Peraturan-peraturan ini menjadi landasan bagi partai politik dan calon legislatif dan
presiden dalam melakukan kampanye pemilu. Pengaruh dari penerbitan peraturan
tersebut yang menyebabkan banyaknya kampanye di dalam kampus.

2. Kampanye bisa dilakukan di kampus karena di kampus juga terdapat pemilih.


Dimana para pemilih tersebut berpotensi menjadi faktor penentu dan indikator
keberhasilan pemilu.

Kampanye pemilu 2024 diperbolehkan dilakukan di kampus, sebagaimana Pasal


280 UU Nomor 7 Tahun 2017 mengatur bahwa penyelenggara pemilu, peserta, dan
kelompok kampanye tidak diperbolehkan menggunakan fasilitas pemerintahan,
tempat ibadah, dan tempat pendidikan.

Sedangkan Penjelasan Pasal 280 ayat (1) huruf h UU Pemilu menyatakan, “Fasilitas
pemerintah, tempat Ibadah, dan tempat Pendidikan dapat digunakan jika peserta
pemilu hadir tanpa atribut kampanye pemilu atas undangan dari pihak penanggung
jawab fasilitas pemerintah, tempat ibadah, dan tempat pendidikan”.

3. Berkurangnya jumlah golput.
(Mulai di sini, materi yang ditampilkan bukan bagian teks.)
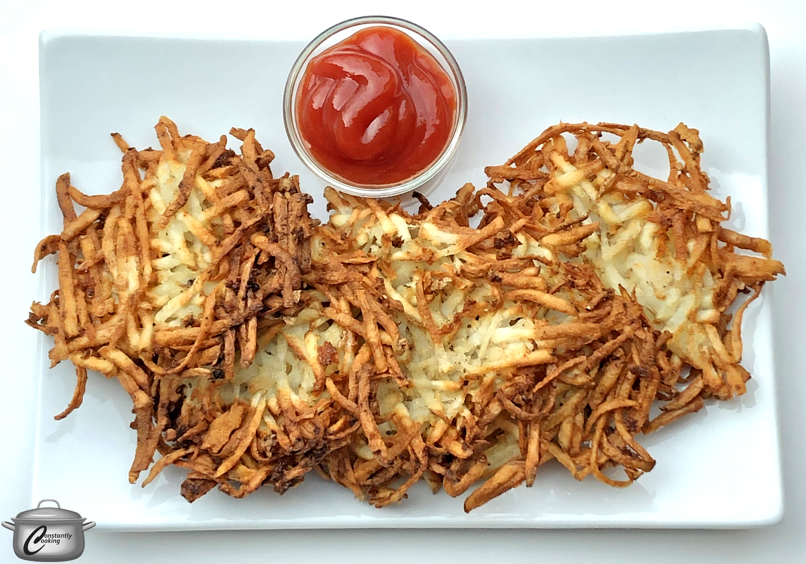 - Spray or brush the tops of the patties with oil; flip and spray or brush the other side. Carefully transfer them to the air fryer basket. Cook for 8 – 10 minutes, until golden brown on both sides (the centres will be less dark). If your air fryer does not have a crisping rack, you’ll need to flip the hash browns carefully after 5 minutes of cooking time.

Yang dimaksud dari berkurangnya jumlah golput


adalah banyaknya mahasiswa yang tidak menggunakan hak suaranya dari tahun ke
tahun, sehingga jika dilakukannya kampanye di kampus mendapatkan
kemungkinan berkurangnya jumlah golput tersebut.

Dapat dilihat melalui data tahun-tahun sebelumnya, banyaknya jumlah golput dari
tahun ke tahun. Menurut data Komisi Pemilihan Umum (KPU), tingkat golput pada
Pilpres 2004 adalah 23,30%, pada tahun 2009 sebesar 27,45%, dan pada tahun 2014
sebesar 30,42%. Dapat dilihat bahwa pada tahun 2014 presentase golput semakin
tinggi dari tahun-tahun sebelumnya.
4. Visi misi tentang pengembangan di dunia akademik yang perlu diketahui para
mahasiswa karna pengembangan dalam bidang akademik mementingkan peran
mahasiswa dengan manfaat yang dirasakan untuk mahasiswa.

kampus menjadi salah satu tempat pelaksanaan kampanye, maka dalam konsepsi
yang ideal hal tersebut dapat menciptakan suatu kondisi di mana akan terjadi
pertarungan visi, misi, program dan/atau citra diri yang dapat terukur secara
akademik. Kampus pada akhirnya juga dapat menjadi tempat untuk menguji sejauh
apa urgensi dan relevansi visi, misi, program peserta pemilu untuk membawa kita
semua kepada tujuan akhir negara Indonesia.

5. Para mahasiswa memiliki hak suara untuk memilih dan memiliki hak untuk
mengkritik janji kampanye yang di lontarkan peserta karna setiap janji yang di
lontarkan akan kembali untuk tujuan kepada mahasiswa. Janji yang di lontarkan
terhadap peserta untuk kepentingan mahasiswa akan dipertanggungjawabkan oleh
peserta dan peserta harus berpendirian teguh terhadap gagasan yang diucap kepada
mahasiswa.

6. Kampus menjadi ruang yang strategis untuk menguji gagasan peserta pemilihan
yang akan dipertentangkan dalam komunikasi dua arah secara demokratis. Gagasan
para peserta yang menjadi tanggung jawab peserta dan hak mahasiswa untuk
mengkaji dan menelusuri lebih dalam bahwa seberapa penting dan jujurnya gagasan
yang dilontarkan peserta terhadap mahasiswa.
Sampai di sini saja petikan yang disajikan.